34 Counsel, with commendable diligence, have taken me to a large number of authorities dealing with contribution between co-obligors. In many of them, there is to be found an extensive discussion of earlier cases. I do no propose to enter into any such discussion in this case; nor do I find it necessary to refer to the authorities. I am satisfied, with respect, that I can safely follow the statement made by the learned authors of Meagher, Gummow and Lehane Equity Doctrines and Remedies, 3rd ed, Butterworths, 1992, where they state an overall test as follows:-
"….the proper view appears to be that contribution may be recovered where the liabilities of the co-obligors to the principal claimant are such that enforcement by him against either co-obligor would diminish that obligor in his material substance to the value of the liability. Any alternative or additional requirement in the doctrine of contribution of similarity or consubstantial nature between the liabilities to which the co-obligors are exposed would produce intolerable uncertainty and obscure the true objects of the doctrine."
35 The basis contention made on behalf of Colemans is that McNally suffered no relevant loss to which Colemans could be ordered to contribute. All that happened was that he entered into an unenforceable arrangement of debt and security. With respect, I do not accept that this is a proper characterisation of "loss" in the present case. In the first place the loan and mortgage were not nullities. They existed with full legal effect until set aside by order of the Court. (See Kerr on Fraud and Mistake, 7th ed. p.7 and cases there cited). In my opinion, the true "loss" suffered by McNally occurred when he entered into the arrangements which, at the time of such entry, diminished his financial position and the value of his home. That loss could have been corrected by his obtaining either an award in damages equivalent to the value of the loss, against Colemans or appropriate orders against the lender, GIO preventing it from recovering the debt or enforcing its security.
36 He chose to do the latter and, thereby cast upon GIO the full financial burden of restoring him to a situation from which he had departed only because of breaches of duty owed to him, in different ways, by both GIO and Colemans.
37 In my opinion, viewed this way, the case falls squarely within the broad, general principle relating to contribution, to which I have made reference.
38 There remains for consideration the submission of Colemans that GIO should not be permitted to maintain its claim for contribution because of its failure to include it in the first proceedings. The claim is based upon the principles laid down in Anshun. It is fair to say that this claim was put forward by Colemans without any great show of enthusiasm.

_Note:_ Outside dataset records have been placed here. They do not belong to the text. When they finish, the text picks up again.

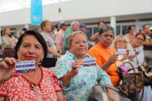Tere Jiménez detalló que con la Tarjeta Soluciones tendrán muchos beneficios; podrán realizar trámites y recibir descuentos en diferentes establecimientos, además de acceder a medicinas, operaciones, becas para sus nietos y mejoras para sus viviendas, entre otros beneficios.
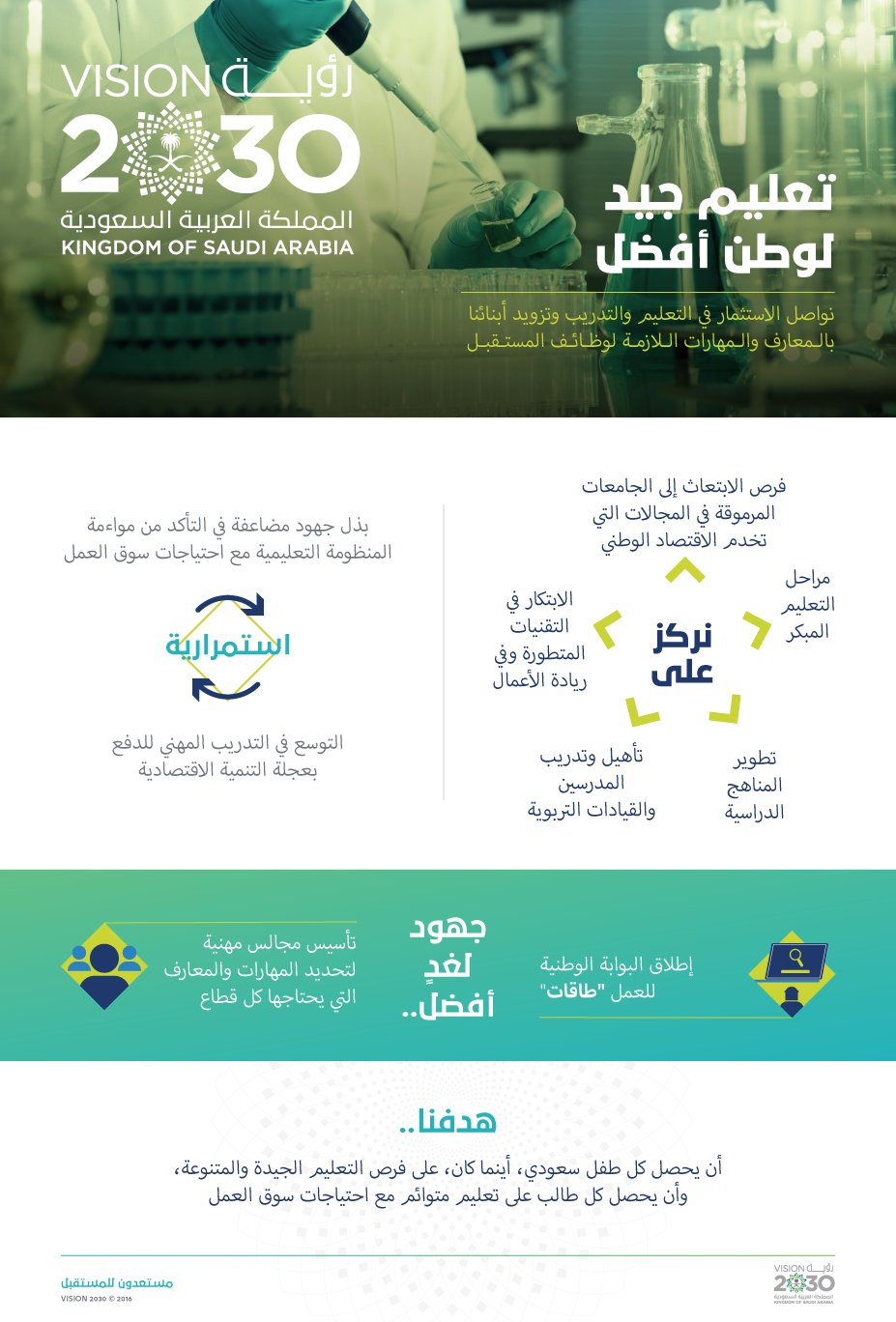 رؤية 2030 هي خطة جريئة قابلة للتحقيق لأمّة طموحة رؤية 2030. توجّهات رؤية السعودية 2030 في التعليم.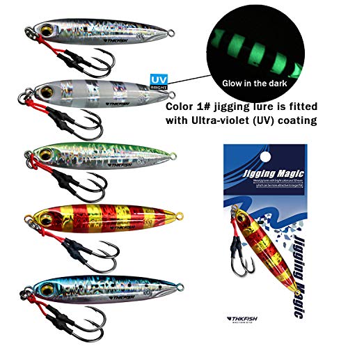 THKFISH Esche da Pesca Jigging Cucchiaio di Acqua Dolce di Mare d'Acqua Dolce Esca Dura Pesca al Mare jigs per Trota Bass Salmone tonno (Colore 2# - 1 Pezzo, 80g)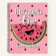 This cute pink design states "you're one in a melon." On the front of the notebook is a cute smiling cartoon watermelon and watermelon seed background. The name is customizable to your one in a melon.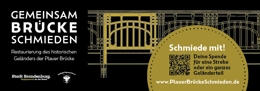 Zu den größten Brücken-Förderern zählt weiterhin Familie Windeck, die sich die Rettung des Geländers auf die Firmen-Fahnen geschrieben hat und ihre Lehrlinge mit den alten Handwerkstechniken vertraut, um das geschmiedete Geländer Stück für Stück aufzuarbeiten. 60 Teile müssen es am Ende für die 130 Meter lange Brücke sein, wofür sich noch viele Sponsoren zu dem Kreis der Unterstützenden gesellen müssen. Alle Informationen dazu sind auf der Informationsseite zum Brandenburger Ortsteil Plaue an der Havel zu finden.

39 It is clear that a claim for Anshun type estoppel presents a Court with the need to make a discretionary decision. Again, I have been referred to a number of authorities in the careful arguments of counsel both written and oral. I do not consider that I need to make reference to any of them, it being sufficient to refer to the remarks of the majority in the case itself (at p. 602), after a consideration of a number of decided cases. Their Honours (Gibbs CJ, Mason and Aickin JJ) said:-
"In this situation we would prefer to say that there will be no estoppel unless it appears that the matter relied upon as a defence in the second action was so relevant to the subject matter of the first action that it would have been unreasonable not to rely on it. Generally speaking, it would be unreasonable not to plead a defence if, having regard to the nature of the plaintiff's claim, and its subject matter it would be expected that the defendant would raise the defence and thereby enable the relevant issues to be determined in the one proceeding."